- _Exercise requirements_:
All that is wanted is the exact text of the lines below from the one with "Tesa 57519-00000, Universalkrok, Krom, Plast, 1" through the one with "I examined the", inclusive, minus any pictures.

- _Information given_:

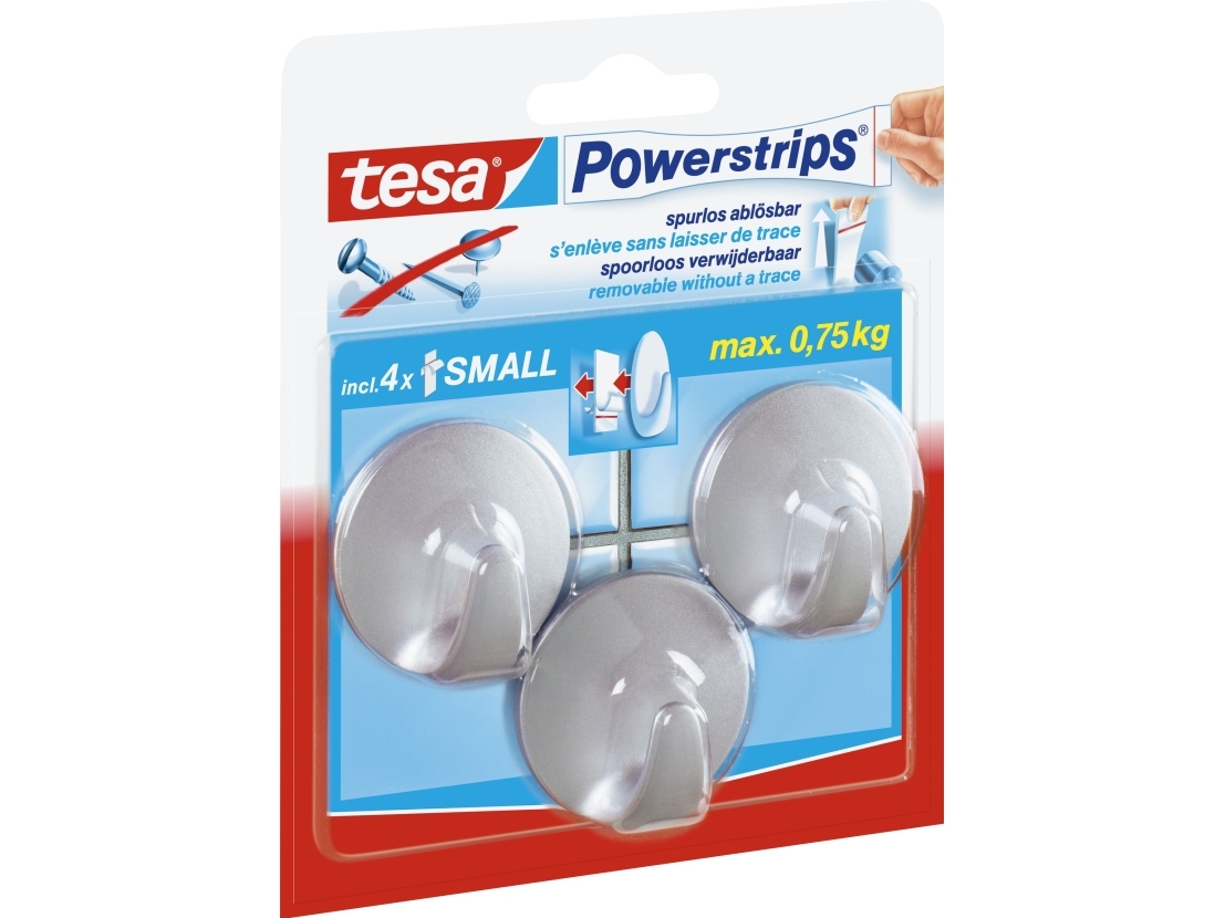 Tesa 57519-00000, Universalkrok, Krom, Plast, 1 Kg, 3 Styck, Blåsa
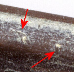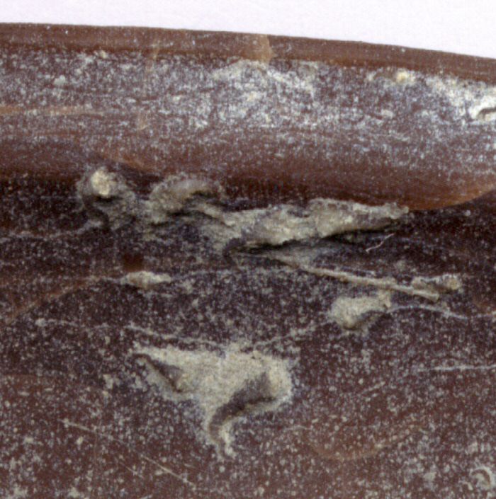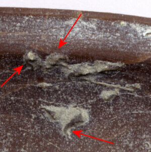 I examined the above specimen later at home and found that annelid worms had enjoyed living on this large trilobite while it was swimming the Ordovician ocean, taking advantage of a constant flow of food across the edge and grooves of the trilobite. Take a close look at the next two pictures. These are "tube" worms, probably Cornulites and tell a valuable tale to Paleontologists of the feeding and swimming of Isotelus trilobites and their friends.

...

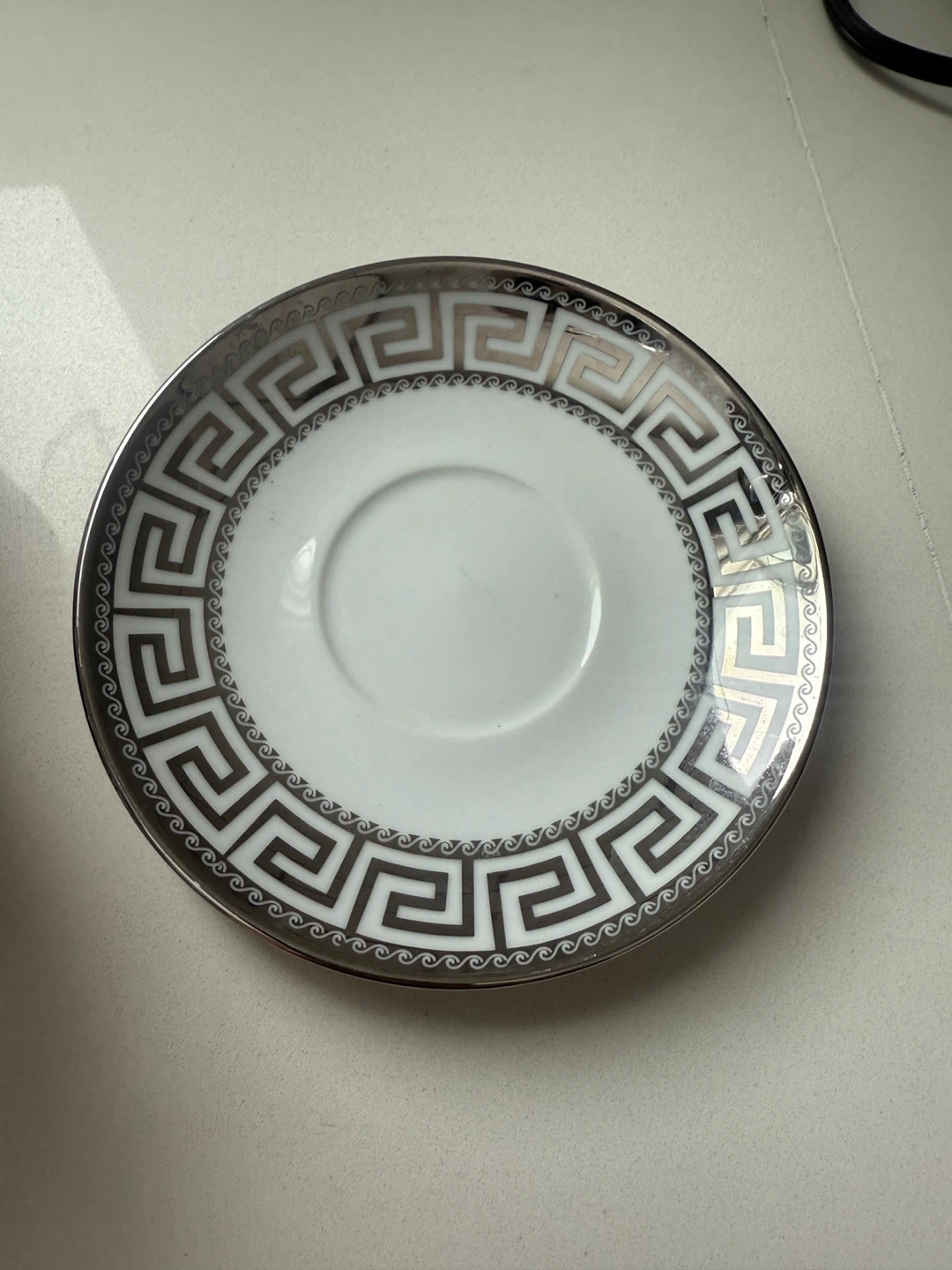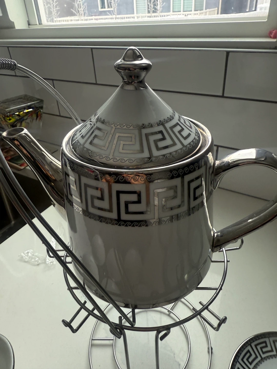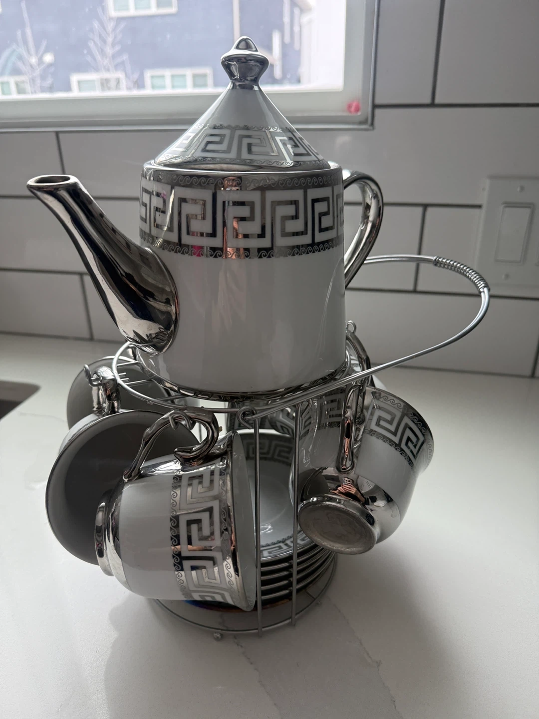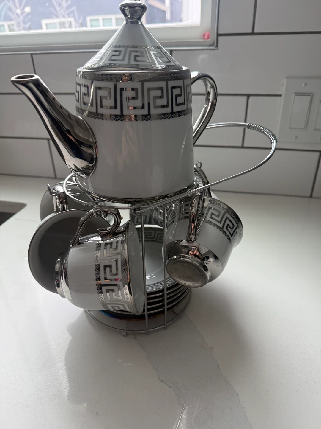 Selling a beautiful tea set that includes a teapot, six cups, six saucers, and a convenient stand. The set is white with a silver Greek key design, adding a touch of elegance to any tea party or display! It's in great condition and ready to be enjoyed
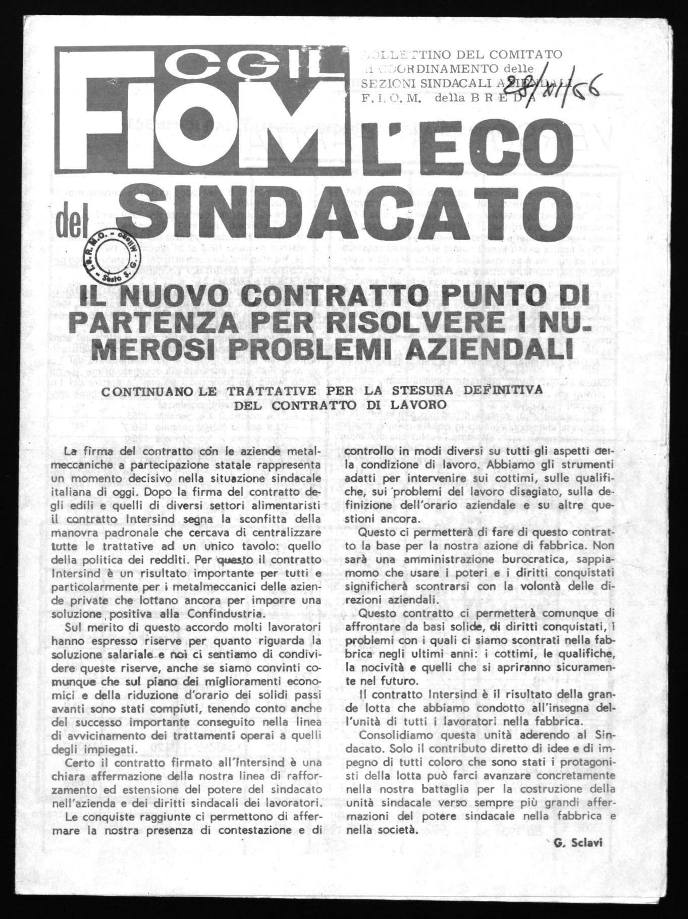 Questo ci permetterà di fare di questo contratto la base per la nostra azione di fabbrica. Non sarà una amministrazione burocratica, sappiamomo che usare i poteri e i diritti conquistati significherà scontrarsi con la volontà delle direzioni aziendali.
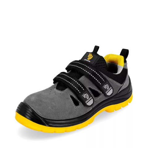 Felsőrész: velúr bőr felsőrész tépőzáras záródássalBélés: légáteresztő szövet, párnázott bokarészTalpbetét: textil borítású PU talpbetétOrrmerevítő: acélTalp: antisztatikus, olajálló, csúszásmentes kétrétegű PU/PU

- _Solution to the problem_:
 Tesa 57519-00000, Universalkrok, Krom, Plast, 1 Kg, 3 Styck, Blåsa
 I examined the above specimen later at home and found that annelid worms had enjoyed living on this large trilobite while it was swimming the Ordovician ocean, taking advantage of a constant flow of food across the edge and grooves of the trilobite. Take a close look at the next two pictures. These are "tube" worms, probably Cornulites and tell a valuable tale to Paleontologists of the feeding and swimming of Isotelus trilobites and their friends.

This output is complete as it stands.